Originaire de l’ouest de la France, Renaud, un quarantenaire au regard sensible raconte avec une certaine pudeur son histoire. Allez, viens, j’t’emmène…

…Tout va très vite…

Blessé et souvent incompris dans son enfance, petit à petit, Renaud se construit une carapace pour cacher sa colère et la violence qui le tourmente. Il commence sa vie d’adulte en quittant sa province pour Paris où il débute une carrière de commercial. Tout va très vite, à 24 ans il gagne bien sa vie, achète une maison avec la femme qu’il aime et devient père malgré qu’il ne se sente pas prêt.

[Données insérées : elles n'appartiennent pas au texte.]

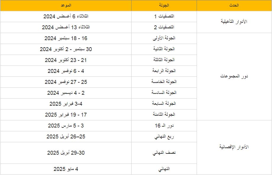 جدول مواعيد مباريات دوري أبطال آسيا للنخبة 2024-2025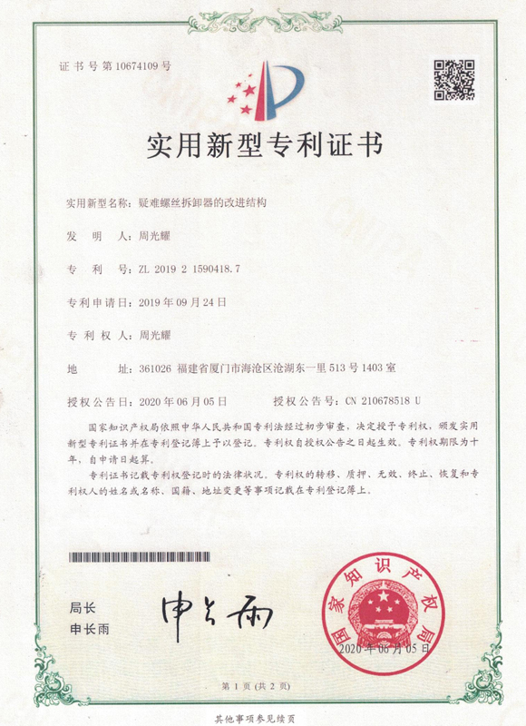 自主知識產(chǎn)權,無需焊接、不用切割、不破壞任何部件,可無損拆缷市面上所有的防盜螺絲以及平面的普通螺絲。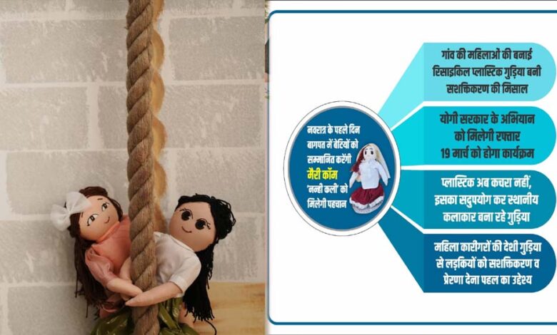 मुख्यमंत्री योगी आदित्य नाथ की मंशा के अनुरूप नवरात्र के पहले दिन बागपत में बेटियों के सम्मान और सशक्तीकरण का एक अनूठा उदाहरण देखने को मिलेगा। छह बार की बॉक्सिंग विश्व चैंपियन मैरीकॉम ‘नन्ही कली’ कार्यक्रम में शामिल होकर बेटियों को सम्मानित करेंगी। गांव की महिलाओं द्वारा रिसाइकिल प्लास्टिक से तैयार की गई गुड़िया ‘नन्ही कली’ इस पहल का केंद्र है। इसके जरिए पर्यावरण संरक्षण, महिला आत्मनिर्भरता और ‘बेटी बचाओ, बेटी पढ़ाओ’ जैसे योगी सरकार के अभियानों को नई मजबूती मिलेगी।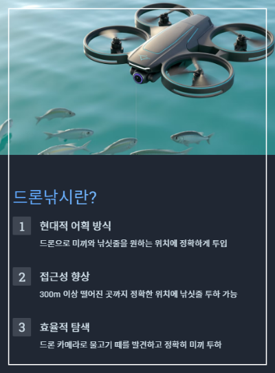 드론낚시는 말 그대로 드론과 낚시를 접목한 현대적 어획 방식입니다.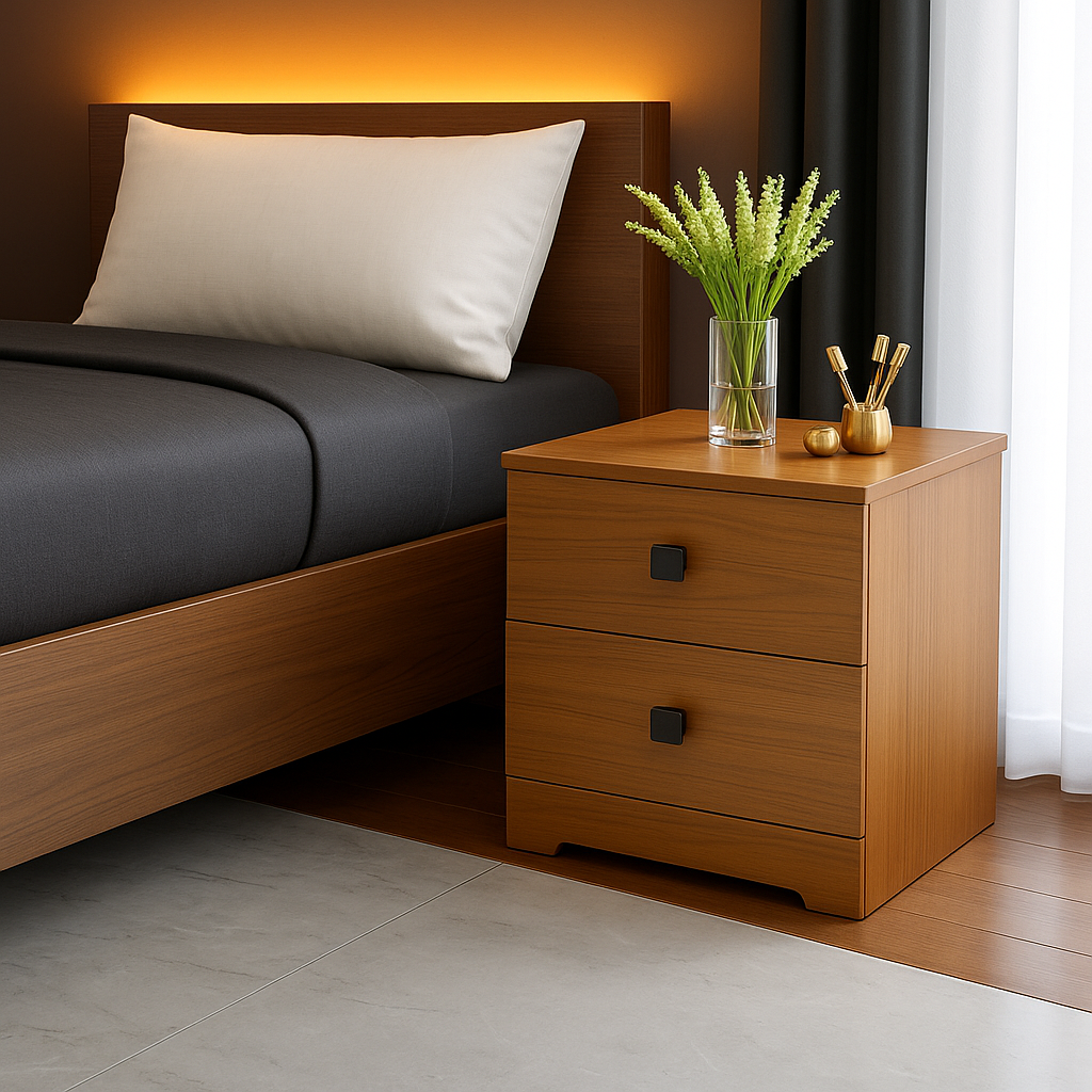 Add a touch of modern elegance to your space with the Walnut Velvet Side Table, crafted in 18mm plywood and finished in rich walnut matte mica. Featuring two seamless drawers with plush velvet upholstery, this versatile piece blends functionality and style for your bedroom, study, or office. Its sleek, practical design offers effortless storage while elevating your interiors with contemporary charm
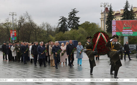 ФОТОФАКТ: Участники VII ВНС возложили венки и цветы к монументу Победы в Минске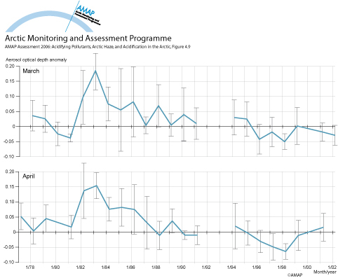 Monthly averaged aerosol optical depth anomalies at Barrow (Alaska) for March and April. The anomalies are relative to a base of non-volcanic years. Data from 1992 and 1993 were removed due to stratospheric aerosol influx from the Pinatubo eruption in 1991. Vertical lines represent 1 standard deviation of the monthly mean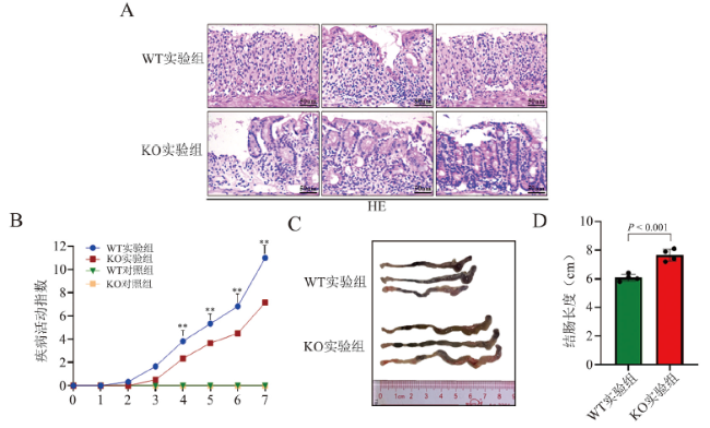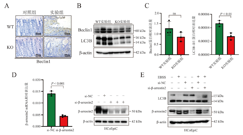 [21]。为此,我们在实验中先探究了小鼠急性UC模型中自噬水平的变化,通过蛋白免疫印迹、免疫组织化学等检测方法,发现诱导小鼠急性UC后,自噬相关蛋白的表达水平上调。而β-arrestin2的缺失可以改善小鼠结肠黏膜的炎症,于是我们进一步探究β-arrestin2是否可以通过调控自噬来调节肠道的炎症。因此我们分析了β-arrestin2 WT小鼠和β-arrestin2 KO小鼠在急性UC模型中自噬水平的变化,结果发现β-arrestin2的缺失可以抑制自噬的发生,进一步在人源性的结肠上皮细胞HCoEpic中进行验证。通过饥饿诱导细胞自噬的发生,发现沉默β-arrestin2表达的细胞中,自噬相关蛋白表达水平下降,自噬水平受到抑制。
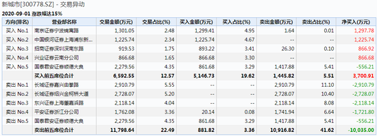盘后Wind数据显示,新城市今日因涨跌幅达15%登上龙虎榜,前买五前卖五席位累计净卖出6334万元。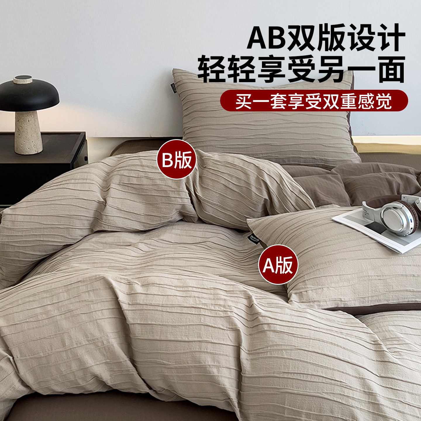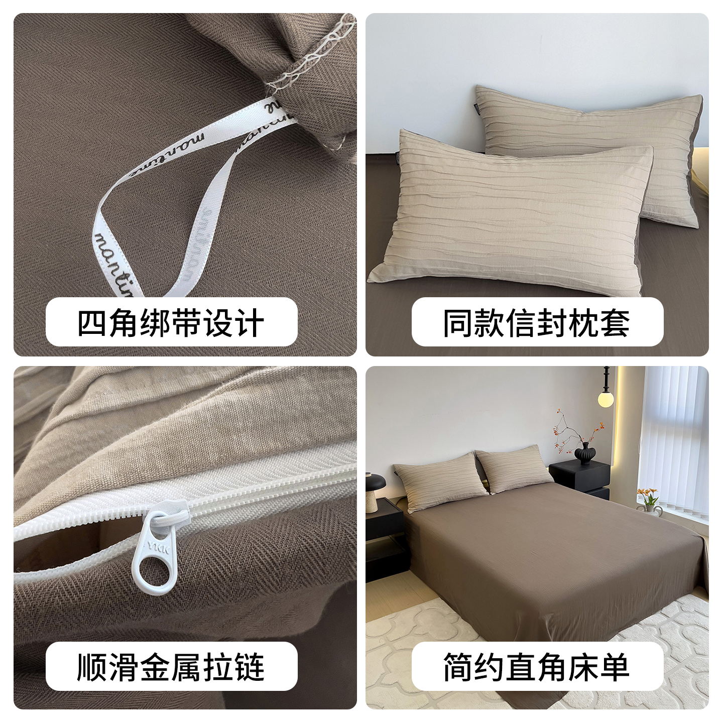 无印良品轻奢高级感皱皱纱床上四件套全棉纯棉水洗棉裸睡床单被套

« J’ai essayé de rentrer dans le rôle du père, mais je voyais bien que j’étais dans le rôle plutôt que dans le ressenti. Je m’occupais beaucoup de lui, mais je ne ressentais rien »

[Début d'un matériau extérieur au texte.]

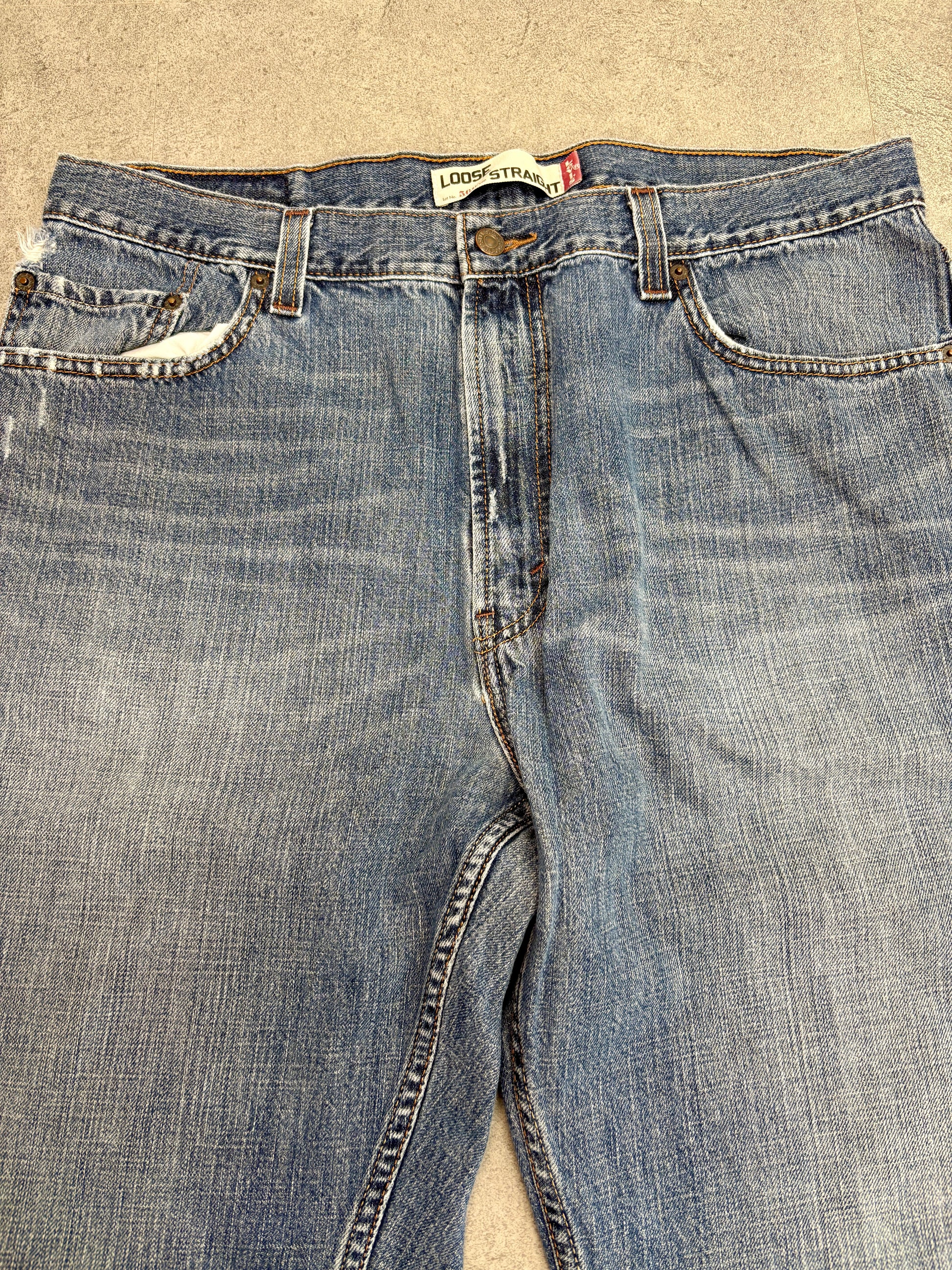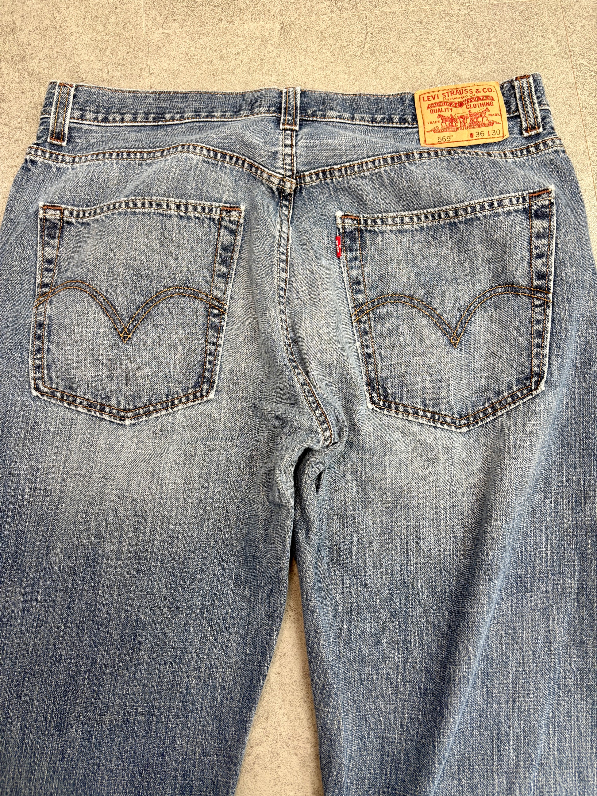 Levi’s 569® Loose Straight デニム W36 L30 レッドタブ ライトインディゴ ダメージ/ヒゲ/アタリ 00s ジップフライ

Comme la majorité d’entre nous, ce jeune papa pense qu’il a fait tout ce qu’il fallait quand il le fallait. Seulement, il est bien connu que la vie n’est pas un long fleuve tranquille. Un peu avant d’atteindre la trentaine, sa vie bascule. Il devient père célibataire malgré lui et tombe en profonde dépression. L’enfer lui déroule son tapis noir, qu’il emprunte d’un bon pas. Le burn-out est là. Perdu, désorienté, désemparé, par une situation qu’il ne voulait pas, il perd son boulot, il perd sa place, il perd sa boussole.

…La chute…

Toujours une main tendue vers l’extérieur, l’aide dont il a besoin, c’est au fond de lui-même qu’il la trouvera. La communication avec son fils Tom, s’estompe tous les jours un peu plus face à une relation fusionnelle maternelle très présente. Son fils grandit pendant que lui traverse toutes les difficultés auxquelles un homme blessé et perdu peut se heurter. Il se réfugie dans les bras de substances lui assurant des moments de répit face à l’insupportable situation. Les fantômes du passé sont là et c’est petit à petit qu’il prend conscience du poids de son histoire ainsi que de ses traumatismes. Les passer sous silence l’a presque mené jusqu’ici, au paradis perdu. Alors, il s’éloigne, il prend le large, il part travailler à l’étranger.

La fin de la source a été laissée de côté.